Between Two Worlds: Being Muslim in Minneapolis
At school I was too Muslim. At the mosque I was too American. I spent years feeling like I belonged nowhere.
There were exactly 8 Muslim families in Minneapolis when I was growing up. We'd see each other at the one mosque — a converted house on Church Street — and nod like survivors of the same quiet war.
At school, I was the kid who didn't eat pork sausages at birthday parties. The one who disappeared during Ramadan lunch breaks. The one who had to explain, every single December, why there was no Christmas tree at home.
But the mosque wasn't refuge either.
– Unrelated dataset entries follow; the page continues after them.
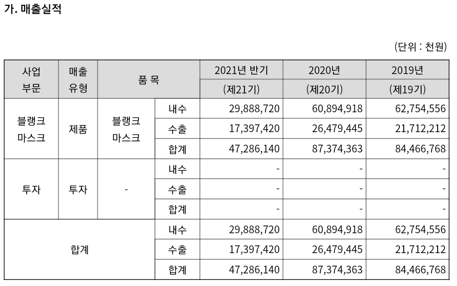 아래 매출 실적에서도 알 수 있다시피 현재는 블랭크마스크쪽에서 모든 매출이 발생하고 있습니다.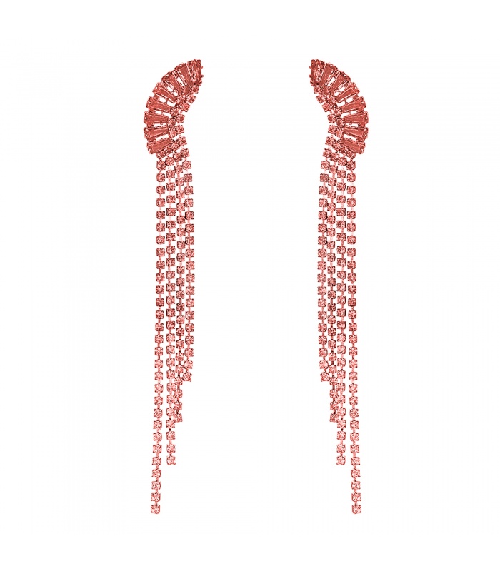 Ontdek onze nieuwe collectie roze oorhangers, ontworpen om jouw stijl te verfraaien. Deze oorbellen zijn de perfecte mix van elegantie en glamour, met hun glinsterende stras steentjes en delicate strengen die moeiteloos de aandacht trekken. Laat jezelf stralen met deze opvallende accessoires.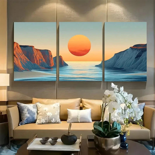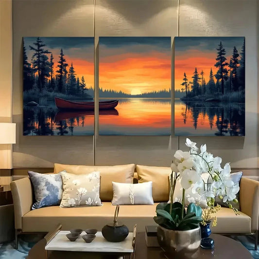 3pcs Twilight Lake Wall Art Serene Sunset Metal Print Ready to Hang Art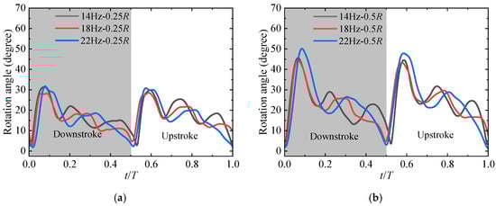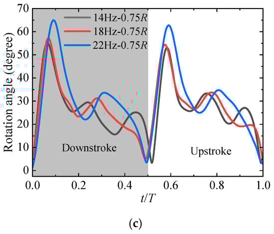 Wing deformation of PET-38 at 14 Hz, 18 Hz, and 22 Hz. (a) The rotation angles at 0.25R; (b) The rotation angles at 0.5R; (c) The rotation angles at 0.75R.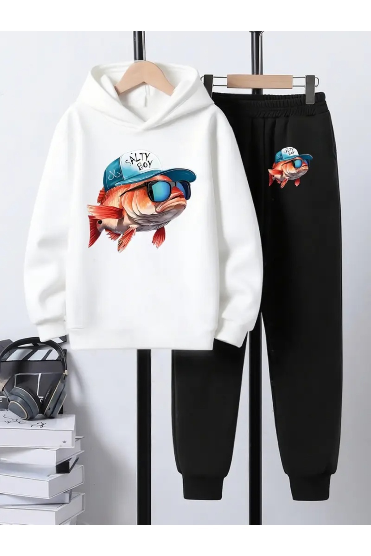 Çocuk Baskılı Kapüşonlu Sweatshirt ve Eşofman Takım 3 İplik Şardonlu Sonbahar/Kış için Çocuk Baskılı Kapüşonlu Sweatshirt ve Eşofman Takım 3 İplik Şardonlu Sonbahar/Kış için KA000017 13-14 Yaş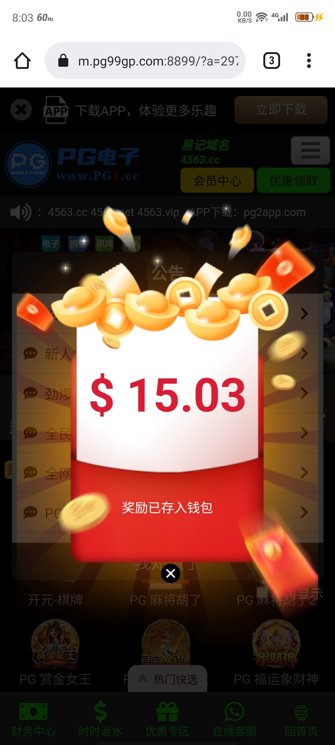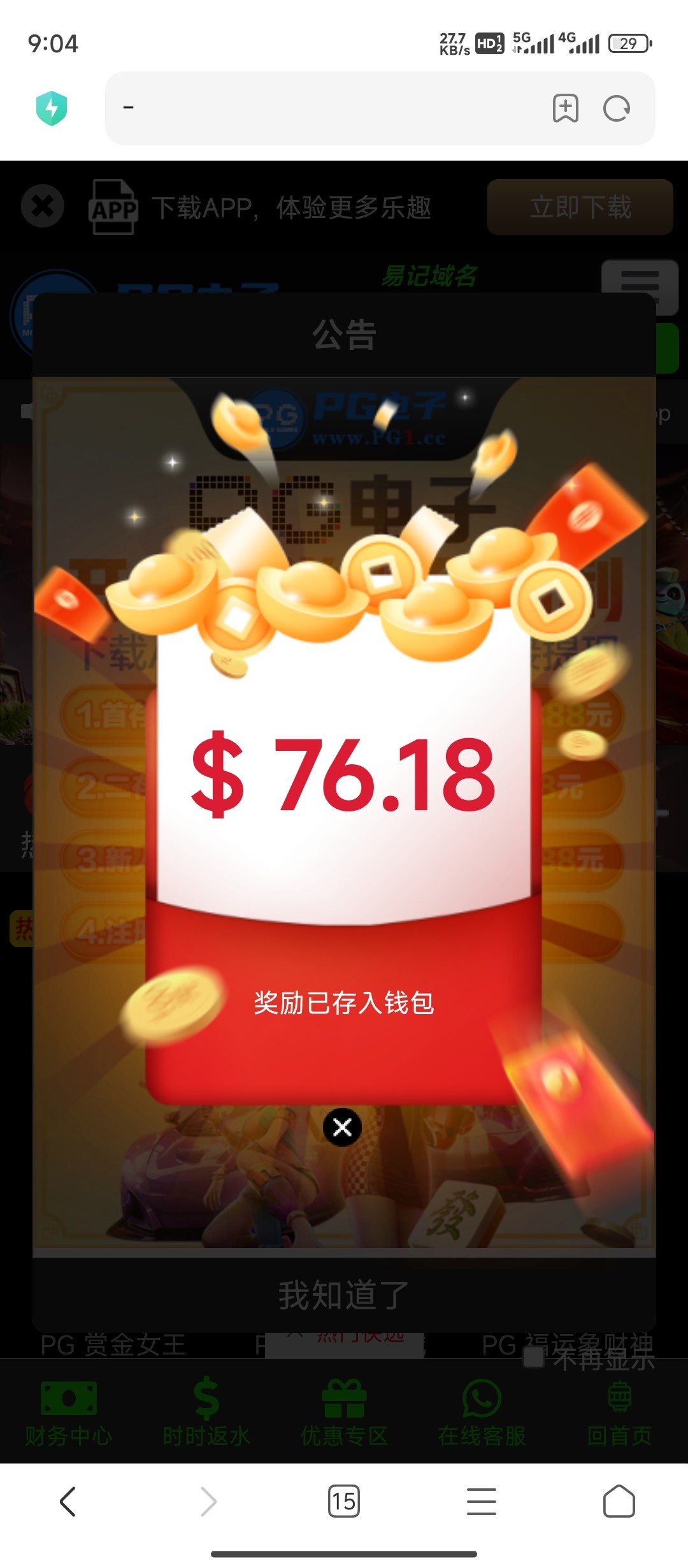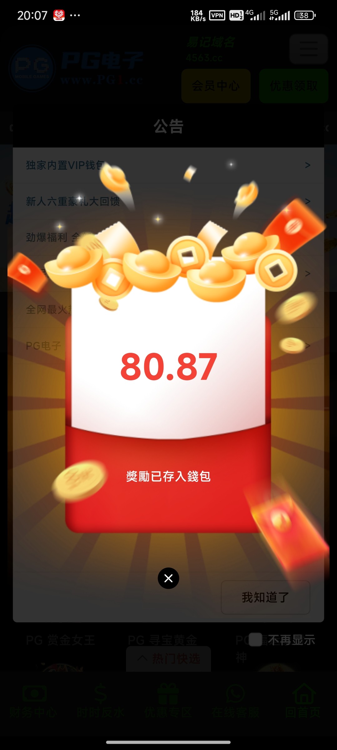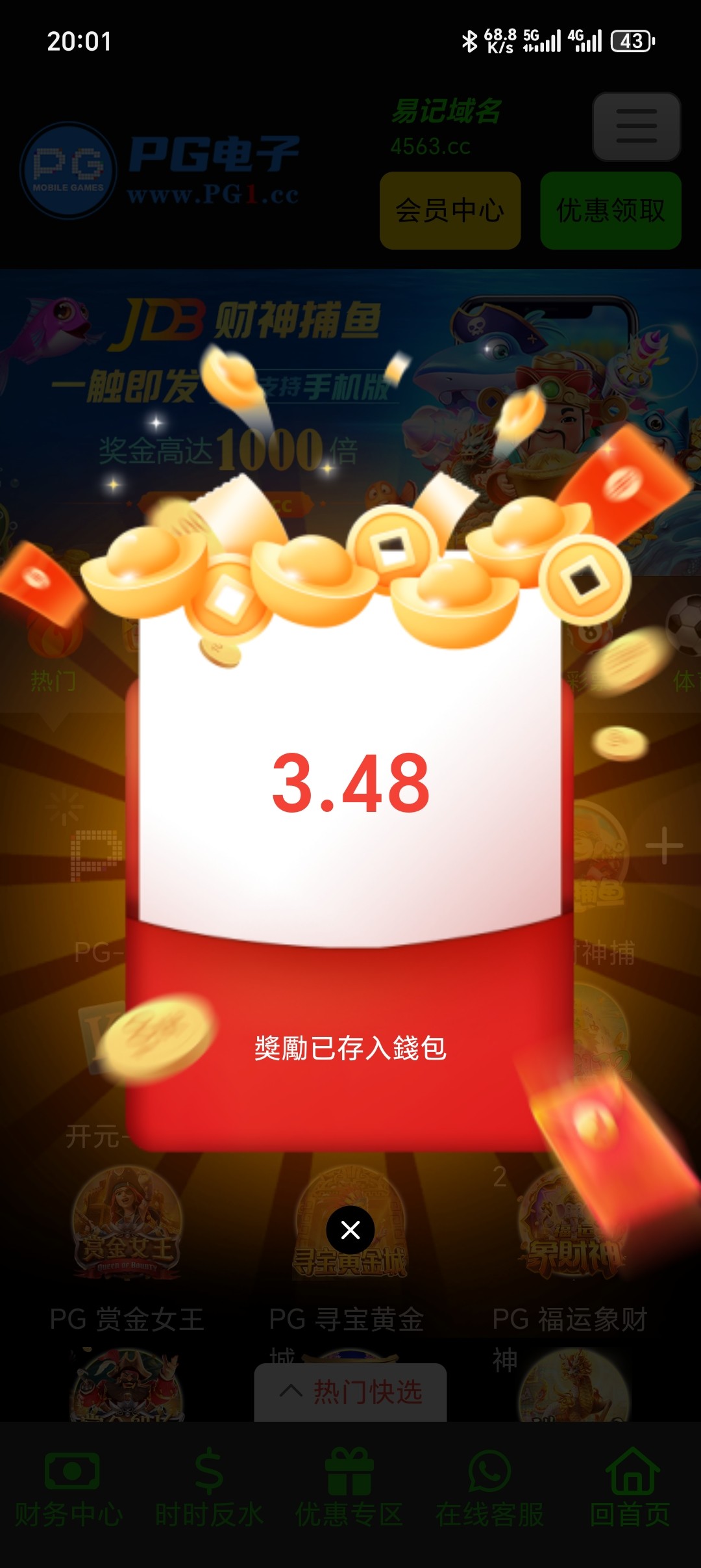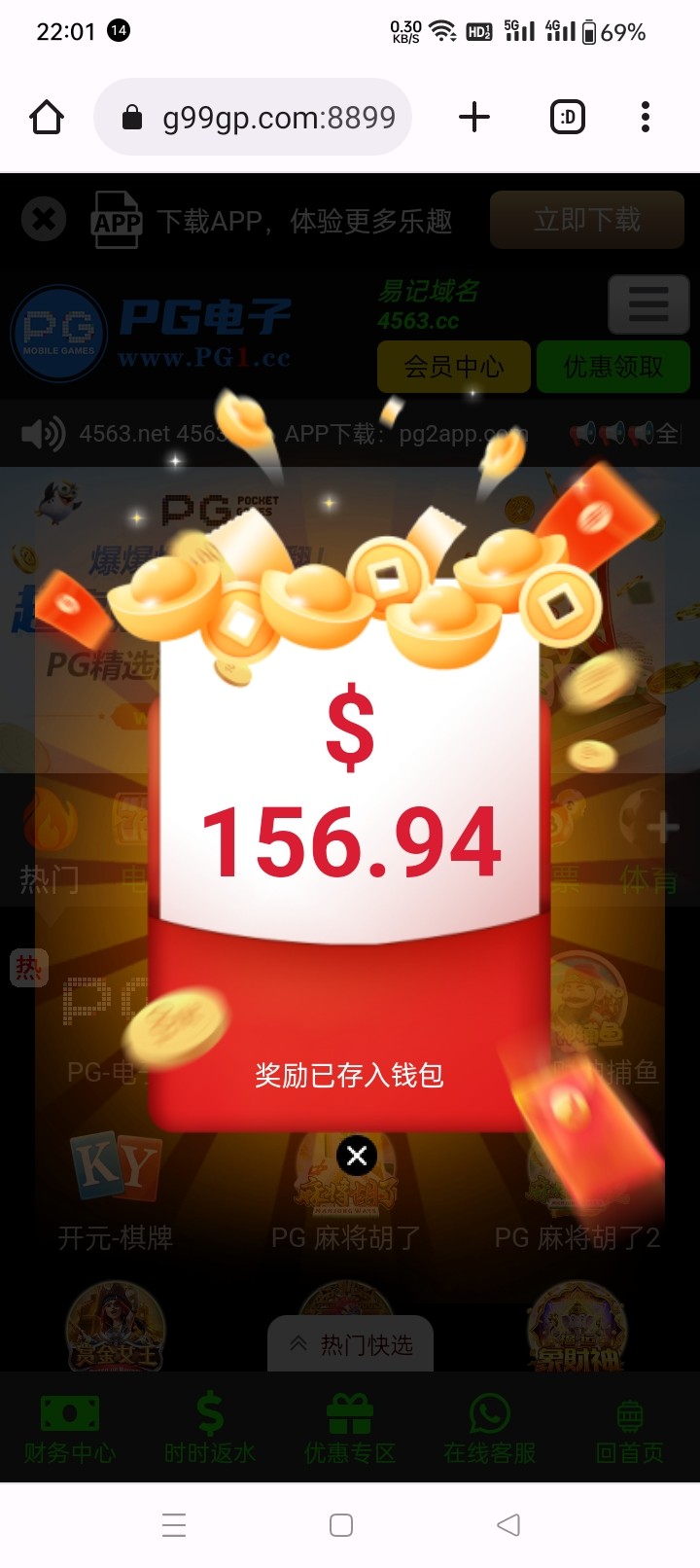 今天晚上有红包 有号的去抢 不知道金额大不大 刚接到电话 pg1.cc
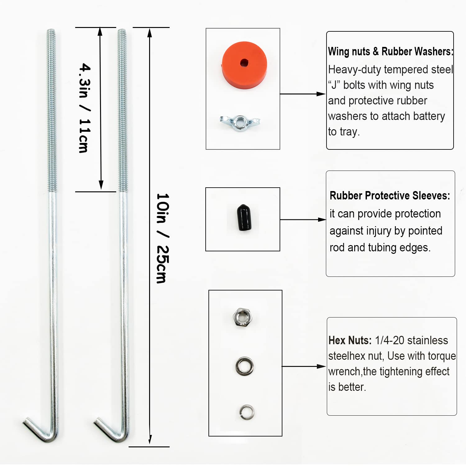 • 【Battery Hold Down Kit 】Includes 1x battery hold down bracket, 2x10in J-bolts, 2 sets of accessories (for different mounting styles) - 2x hex nuts and wing nuts, 2x rubber protective sleeves, 2x protective rubber washers, 2x spring lock washers, 2x flat washers. Easy to install and provides stable support for the battery

The aunties would whisper if my hijab wasn't perfect. Uncle Mahmood once told my father I was 'too loud.' I was 11.
High school was the hardest. After 9/11, a boy in my English class asked if my father was a terrorist. He said it casually, like asking about the weather. The teacher heard. The teacher changed the subject..
I want to tell you there was a dramatic turning point. There wasn't. It was slow. It was reading Surah Ad-Duha during a panic attack in my dorm room and feeling my heartbeat slow. It was finding 5 Muslim students in my first year at uni who laughed at the same jokes and prayed in the same study rooms.
It was realising that the Islam of the Minneapolis aunties and the Islam I was building for myself could be different and both be real.
I'm 54 now. I work in engineering. I pray five times a day — not because anyone is watching, but because those five pauses are the only times my brain goes quiet.
I stopped asking for permission to exist as both American and Muslim. I just existed. And it turns out, that's enough.